• [Data to examine]:
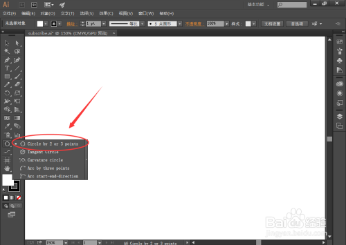 打开AI软件,新建文档,选择subscribe插件东西【Circle by 2 or 3 points】,即2个点或3个点建立一个圆,如图所示:
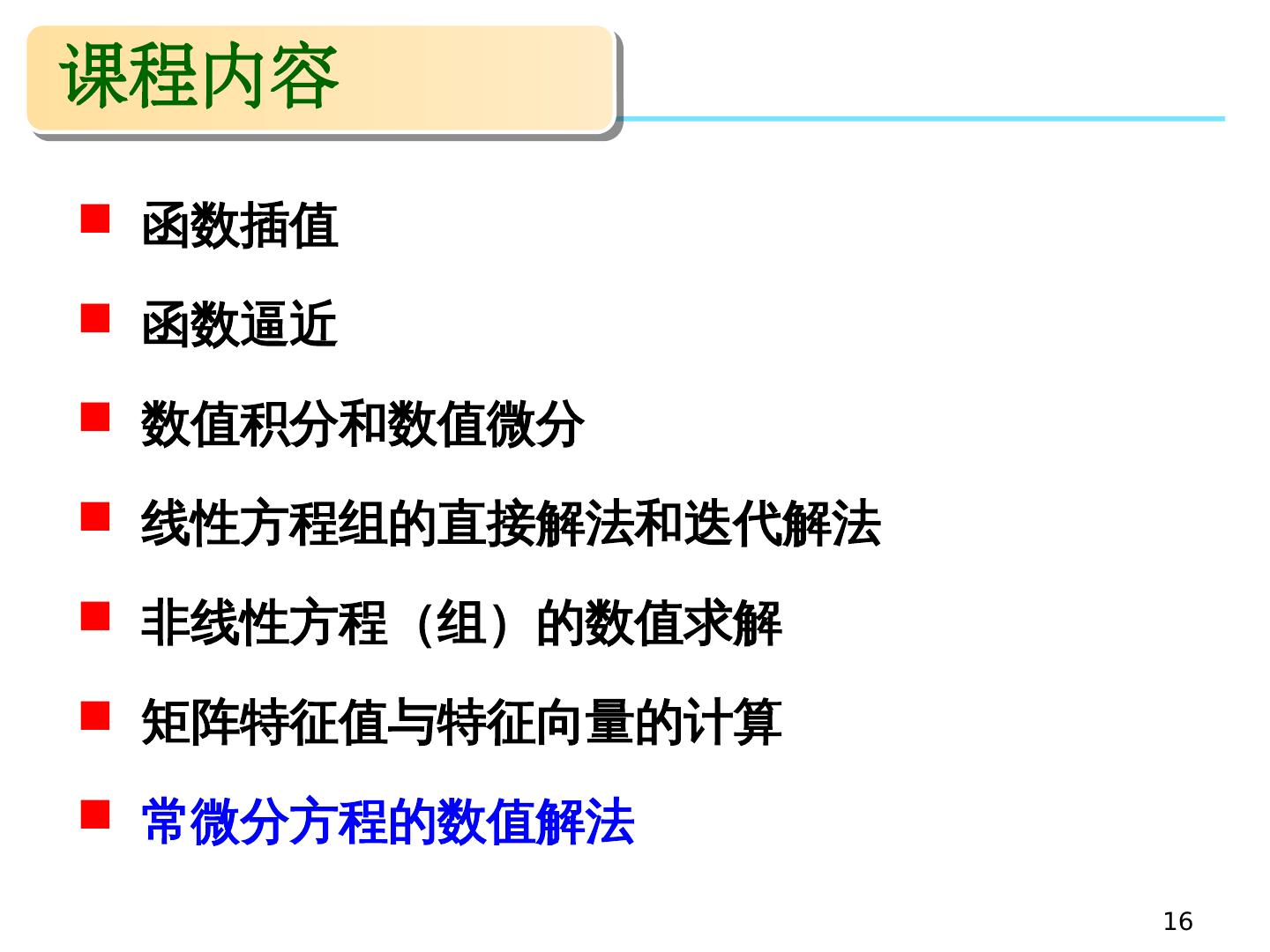 16 .课程内容 16 函数插值 函数逼近 数值积分和数值微分 线性方程组的直接解法和迭代解法 非线性方程(组)的数值求解 矩阵特征值与特征向量的计算 常微分方程的数值解法
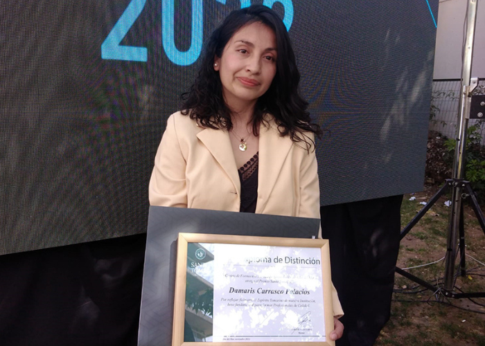 Damaris Carrasco egresó de Técnico Jurídico, carrea que estudió al mismo tiempo que trabajaba en Santo Tomás como asistente de Biblioteca. “No me esperaba este premio, pensé que sería para otra persona, así que estoy muy contenta, emocionada y le doy gracias a Dios. Me esfuerzo por trabajar y estudiar, luchar por mis metas, y ahora verlo aquí, reflejado en este premio, me dice que lo he hecho bien. Se lo dedico a Dios y a mi hija, para que algún día ella sea mucho mejor que yo, sé que lo va a lograr porque es una niña muy inteligente, muy habilosa”, dice.
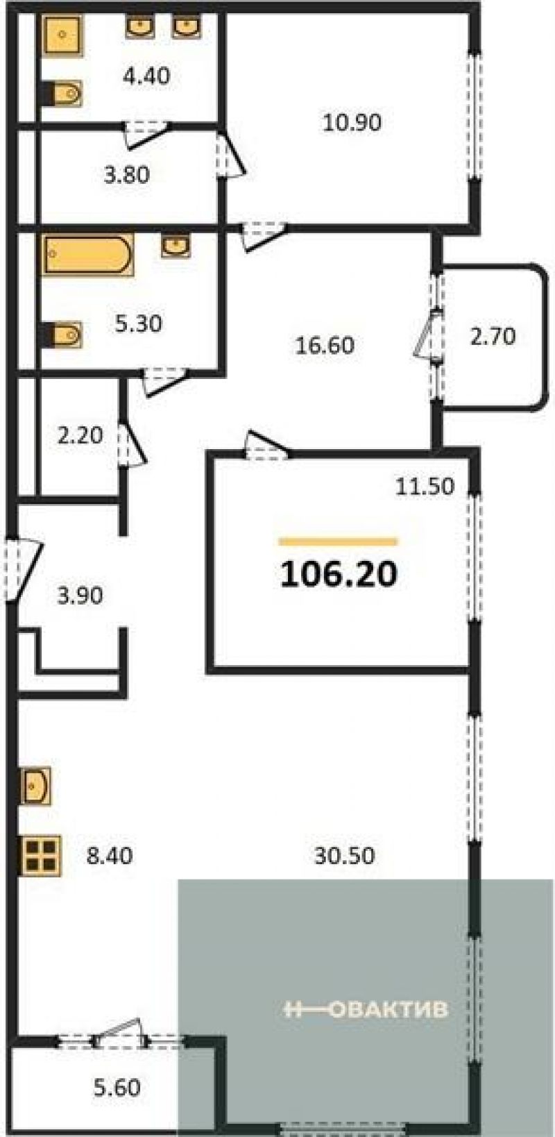 Расcчитать ипотеку№226 2-к.квартира, 106.2 м², 5 эт.
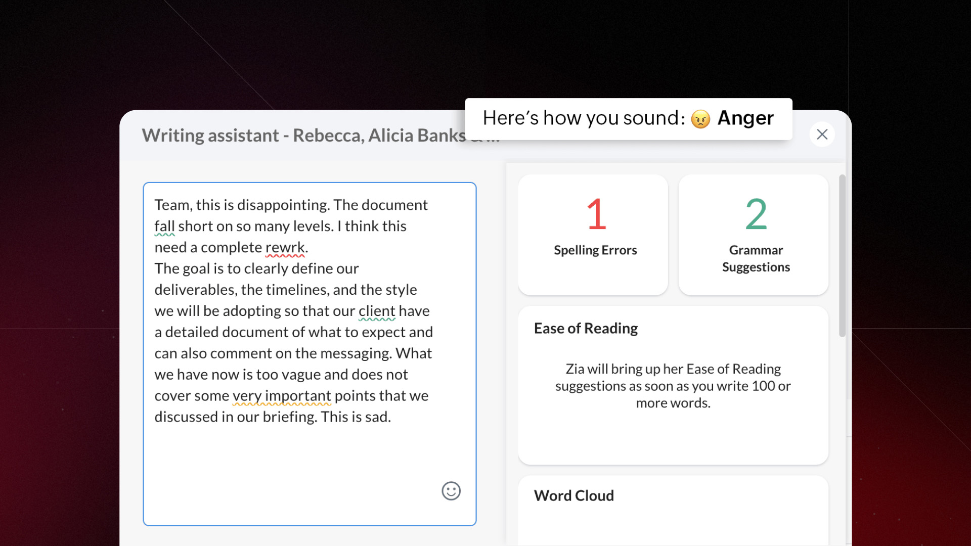 Eliminate the pesky grammar glitches and typos and adjust your phrasing in seconds so your feedback feels constructive, your requests feel reasonable, and your “urgent” emails don’t cause a panic.
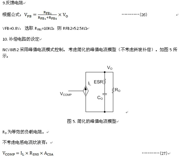 NCV8852是一款外接P溝道MOSFET的非同步BUCK 控制器。輸入電壓可高達44V,適用于12V蓄電池系統。 采用峰值電流控制,系統易于穩定,響應快。可通過在ROSC管腳外接電阻將工作頻率設定在100kHz 到500kHz。圖4為NCV8852的典型應用電路。ISNS管腳檢測上管電流,用于峰值電流控制以及過流保護。COMP管腳為誤差放大器的輸出,外接RC電路以補償環路。
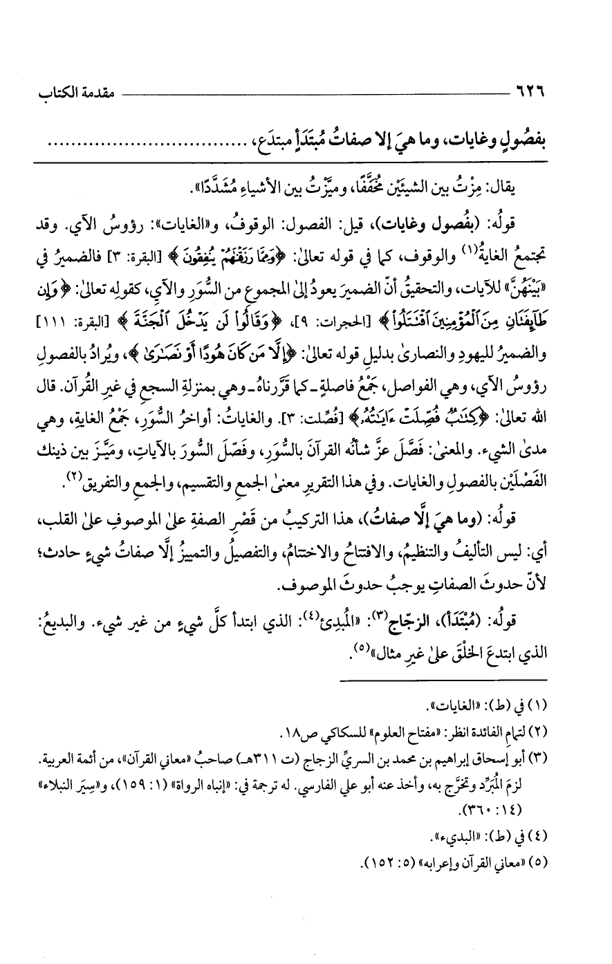 بفصول وغايات، وما هي إلا صفات مبتدأ مبتدع،

• [Goal of the exercise]: Once the pictures are dropped, repeat the data above exactly.

• [Problem solution]:
 打开AI软件,新建文档,选择subscribe插件东西【Circle by 2 or 3 points】,即2个点或3个点建立一个圆,如图所示:
 16 .课程内容 16 函数插值 函数逼近 数值积分和数值微分 线性方程组的直接解法和迭代解法 非线性方程(组)的数值求解 矩阵特征值与特征向量的计算 常微分方程的数值解法
 Damaris Carrasco egresó de Técnico Jurídico, carrea que estudió al mismo tiempo que trabajaba en Santo Tomás como asistente de Biblioteca. “No me esperaba este premio, pensé que sería para otra persona, así que estoy muy contenta, emocionada y le doy gracias a Dios. Me esfuerzo por trabajar y estudiar, luchar por mis metas, y ahora verlo aquí, reflejado en este premio, me dice que lo he hecho bien. Se lo dedico a Dios y a mi hija, para que algún día ella sea mucho mejor que yo, sé que lo va a lograr porque es una niña muy inteligente, muy habilosa”, dice.
 Расcчитать ипотеку№226 2-к.квартира, 106.2 м², 5 эт.
 Eliminate the pesky grammar glitches and typos and adjust your phrasing in seconds so your feedback feels constructive, your requests feel reasonable, and your “urgent” emails don’t cause a panic.
 NCV8852是一款外接P溝道MOSFET的非同步BUCK 控制器。輸入電壓可高達44V,適用于12V蓄電池系統。 采用峰值電流控制,系統易于穩定,響應快。可通過在ROSC管腳外接電阻將工作頻率設定在100kHz 到500kHz。圖4為NCV8852的典型應用電路。ISNS管腳檢測上管電流,用于峰值電流控制以及過流保護。COMP管腳為誤差放大器的輸出,外接RC電路以補償環路。
 بفصول وغايات، وما هي إلا صفات مبتدأ مبتدع،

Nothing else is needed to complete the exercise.